- Hungarian DVD cover
- Genre: Crime Drama
- Based on: Oliver Twist by Charles Dickens
- Written by: James Goldman
- Directed by: Clive Donner
- Starring: George C. Scott Tim Curry Michael Hordern Timothy West Eileen Atkins Cherie Lunghi Oliver Cotton Richard Charles Martin Tempest
- Music by: Nick Bicât
- Countries of origin: United States United Kingdom
- Original language: English

Production
- Executive producer: William F. Storke
- Producers: Ted Childs Norton Romsey
- Cinematography: Norman G. Langley
- Editor: Peter Tanner
- Running time: 103 minutes
- Production companies: Claridge Productions Grafton Productions Norman Rosemont Productions Trident

Original release
- Network: CBS
- Release: March 23, 1982

= Oliver Twist (1982 TV film) =

1982 television film directed by Clive Donner

Oliver Twist is a 1982 American-British made-for-television film adaptation of the 1838 Charles Dickens classic of the same name, premiering on the CBS television network as part of the Hallmark Hall of Fame anthology. Stars include George C. Scott, Tim Curry, Cherie Lunghi and Richard Charles as Oliver Twist, in his first major film role.

==Plot==
Alice Fleming, a pregnant woman, makes her way to a workhouse and dies giving birth to a baby boy. The beadle of the workhouse, Mr. Bumble names the boy Oliver Twist. Years later, Oliver makes the mistake of asking for more gruel for a fellow starving orphan after he refuses to accept his. As punishment, Oliver is sold to work as an apprentice to a local undertaker named Mr. Sowerberry, where he is used as a mute at children's funerals. This leads to resentment from Sowerberry's older apprentice, Noah Claypole, who retaliates by insulting Agnes, resulting in Oliver attacking Noah. Siding with Noah, Sowerberry decides to send Oliver back to the workhouse.

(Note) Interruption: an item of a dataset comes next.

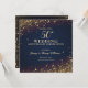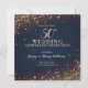 Cette invitation à la fête d'anniversaire de mariage de 50 ans est conçue sur un fond sombre avec des points de confettis dorés et du texte de couleur dorée (recto et verso). Pour personnaliser, il suffit d'insérer vos informations dans notre modèle facile.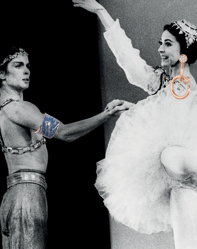 Cartier Juste un Clou earrings / Jean Paul Gaultier Japanese Dragon Tatoo Print Cuff bracelet

However, Oliver escapes and travels a seven-day journey to London where he meets a pickpocket named Jack Dawkins, better known as the Artful Dodger. Dodger introduces Oliver to his master, a criminal named Fagin. Soon enough, Oliver learns that Fagin teaches young boys how to steal. Oliver also meets Bill Sikes, Fagin's brutal associate and his lover, Nancy, who develops a maternal love for Oliver. Sikes forces Oliver to burgle a house. The burglary goes wrong when Oliver is shot and Sikes escapes leaving Oliver behind. The residents of the house, Mr. Brownlow and his niece Rose Maylie decide to nurse Oliver back to health. They notice a strong resemblance between Oliver and a portrait of Agnes, Mr. Brownlow's friend's daughter.

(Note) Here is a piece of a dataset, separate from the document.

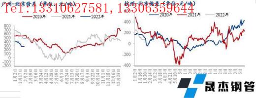 1月份廣州、杭州市場市場價格漲幅緩慢,北京市場價格漲幅居前,因此廣州-北京、杭州-北京市場的區域價差均有所收窄。目前廣州-北京價差在300元/噸左右,此價差略低於2020年、2021年同期水平,且結合無縫草莓视频在线观看APP鋼管廠家的政策以及運費來看此價差也不足以吸引北方區域資源南下廣州。目前杭州-北京價差不足100元/噸,因北京價格相對高位,加之東北區域節後需求啟動較晚,因此東北區域部分無縫草莓视频在线观看APP鋼管廠家傾向於把資源投放至北京區域,其中西林、新撫鋼甚至於海鑫都有此安排。

Meanwhile, it is revealed that Fagin is working with a mysterious man named Monks, who is none other than Oliver's half-brother. Monks' father Edwin Leeford had left a will which favours Oliver over Monks; however, the will states that should Oliver be involved in crime, then Monks will be entitled to the will. Monks visits Mr. and Mrs Bumble, buying from them a locket which Mrs. Bumble had stolen from Agnes before she died. Returning to London, Monks offers Fagin £500 to murder Oliver. Nancy overhears this and informs both Mr. Brownlow and Rose. Unbeknown to her, Fagin has sent one of his boys, Charlie Bates, to dodge Nancy (with Dodger having been deported to Australia). Charlie reveals what he heard to Fagin, who confronts Nancy the following day. Believing she has betrayed him, Sikes brutally murders Nancy whilst Fagin is arrested by the police. Monks is directly confronted by Mr. Brownlow, who is revealed to have been a close friend of Edwin, who fell in love with Agnes and subsequently gave birth to Oliver. Oliver recognises Monks from two previous encounters.

Whilst on the run, Sikes continues to be haunted by Nancy which leads him to accidentally hang himself whilst escaping from an angry mob on a rooftop. Mr. Brownlow and Oliver visit Fagin in jail, knowing the criminal will soon be sentenced to death; Fagin reveals he has left treasure for Oliver in his hideout. Mr. Brownlow, Oliver and Rose also travel to the workhouse where Mr. and Mrs. Bumble are forced to reveal their role in Monks' scheme. The two lose their jobs at the workhouse and Monks is sent to prison. Oliver leaves to continue his life with Mr. Brownlow.